New drone attachment holds almost triple the number of aerial ignition spheres

Ignis 2 drone aerial ignition
The recently developed Ignis Version 2.0 aerial ignition system. Photo by Drone Amplified.

The company that developed an aerial ignition system that can be carried by a drone has introduced an improved model that can hold almost three times the number of plastic spheres.

The Ignis 2.0 made by Drone Amplified can be loaded with 400 to 450 spheres that ignite 30 to 45 seconds after being released from the drone. Their previous system, Ignis 1.0, carried 150 spheres. The new design is easier to maintain and can drop the spheres at up to four times the rate if desired, an increase from 30 to 120 spheres per minute. By using an Android app, the user can configure ignition spacing, number of ignition spheres, mission duration, and altitude.

Ignis Version 2.0
Android application to program ignition within geofence and monitor progress. Photo by Drone Amplified.

Firefighters have employed the concept of using machines for aerial ignition for 40 to 50 years starting with an aerial drip torch suspended below a helicopter and later advancing to equipment installed in the open door of a helicopter.

Sitgreaves Complex Fire
Dennis Kirkley of Kaibab Helitack loads the plastic sphere dispenser (ping pong ball machine) with plastic spheres. Grand Canyon Helitack’s A-Star was used to do aerial ignition on the Sitgreaves Complex in northern Arizona August 8, 2014. Photo by Tom Story.

Just before they are released, the spheres, which contain a chemical, are injected with a second chemical that causes them to ignite 30 to 45 seconds later. Aerial ignition allows prescribed fires or firing operations on wildfires to be ignited in areas that can be difficult for firefighters on the ground to reach safely, reducing their exposure to hazards. It can also ignite controlled burns more quickly than it can be done by personnel on foot, and at less cost than a helicopter.

reload drone plastic spheres aerial ignition
Fire personnel on the Maroon Fire on the Coconino National Forest reload a drone with plastic spheres used for aerial ignition, June 1, 2019. USFS photo.

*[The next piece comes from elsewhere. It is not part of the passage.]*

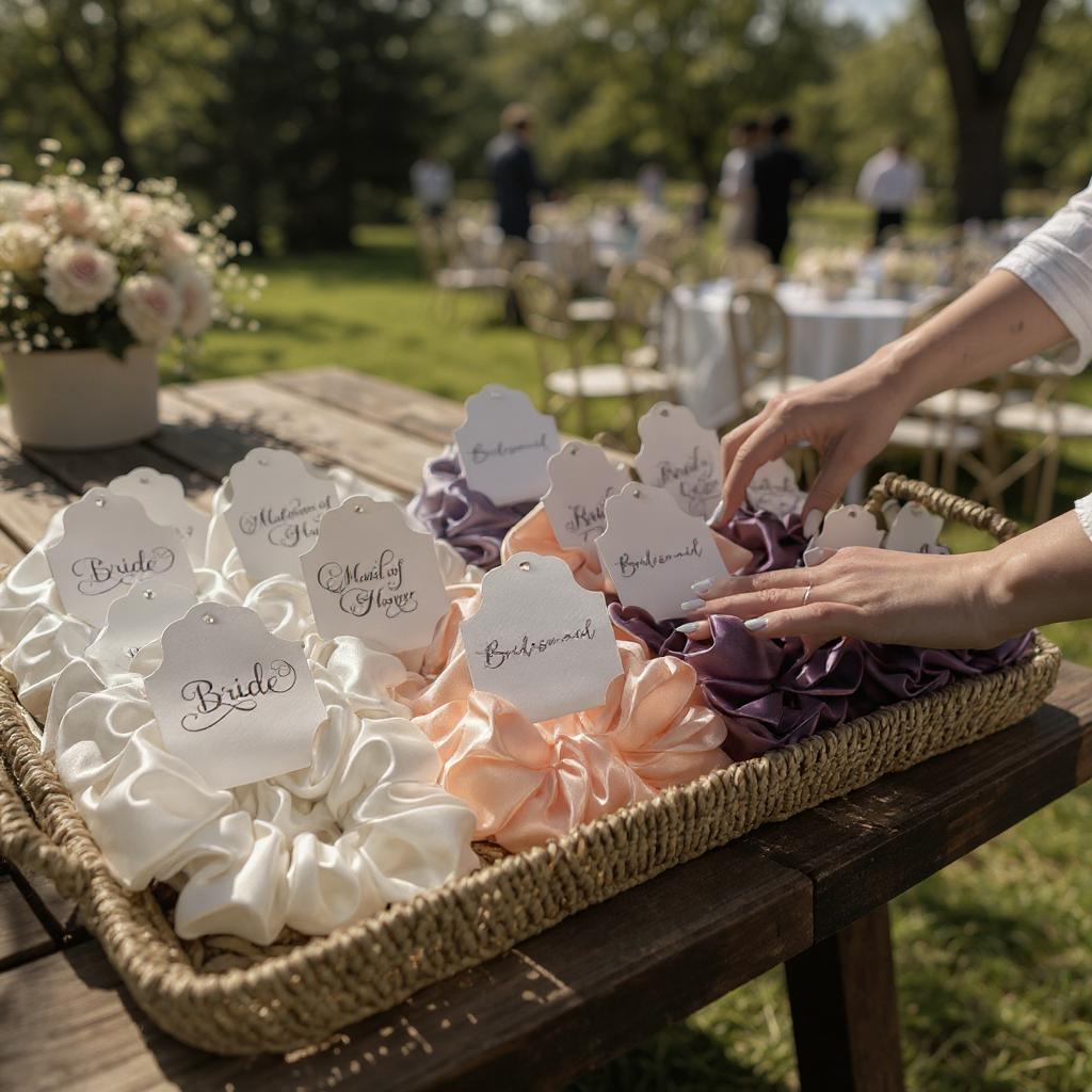 Whether you're prepping for the big day, posing for photos, or slipping one into a gift box, these scrunchies bring just the right touch of sparkle and sentiment.

The Department of the Interior began experimenting with drones for aerial ignition in 2017 and in 2018 began using a much larger aircraft, the Matrisse 600 that can carry up to 13 pounds. In August it was used to ignite a firing operation at night on the Inyo National Forest on the Springs Fire 13 miles southeast of Lee Vining, California.

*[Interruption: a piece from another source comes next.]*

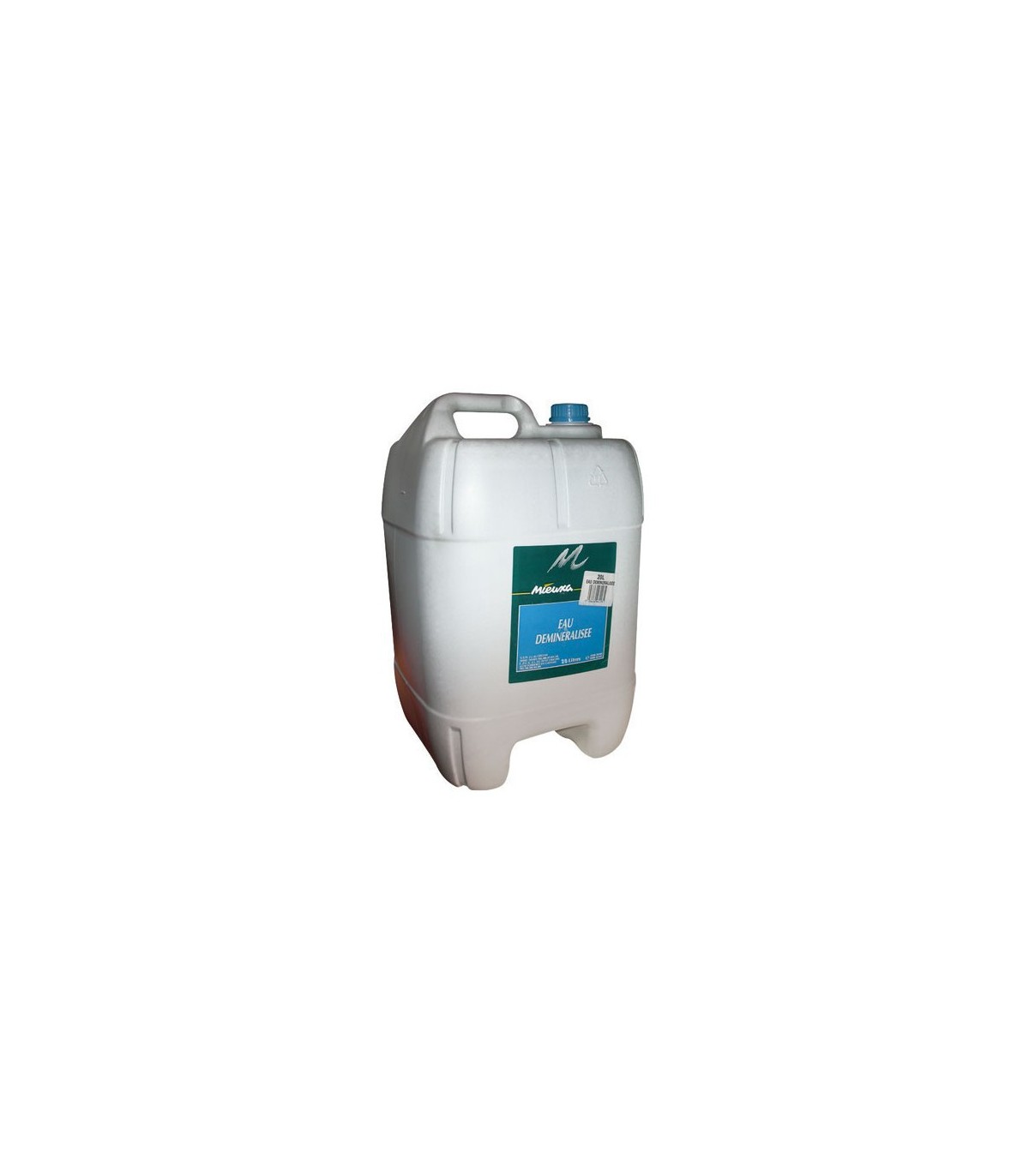 Eau déminéralisée de la marque Mieuxa. Eau non alimentaire à usage ménager.

According to Drone Amplified, the DOI just finished testing the new Ignis 2.0 in Arizona and ordered 20 for immediate delivery.

The Chief Engineer for Drone Amplified, Jim Higgins, was a mechanical engineering graduate student at the University of Nebraska Lincoln when he and others built the first drone to be used to ignite a prescribed fire at Homestead National Monument west of Beatrice, Nebraska. Drone Amplified is based in Lincoln, Nebraska.

2 thoughts on “New drone attachment holds almost triple the number of aerial ignition spheres”

  1. Nice to see the volume has been increased on the drone PSD hoppers. Interestingly aerial firing with drones on Forest Service Rx burns is not allowed but is allowed on managed fires where ignition is by natural causes – lightning. If human caused the fire typically would be full suppression. Rx burns can be and usually are fired with helicopters and PSDs.

    1. Firing with helicopters and PSDs–

      The PSD is a device created to increase the safety of aerial firing ops (better than the helitorch or aerial fusee gattling gun that were available at the time).

      Never has a device designed for increased safety been instrumental in the death and injury of so many people, as the design and firing needs required “low and slow” helicopter use.

      Time for all federal agencies to embrace UAS firing in as many ways as possible.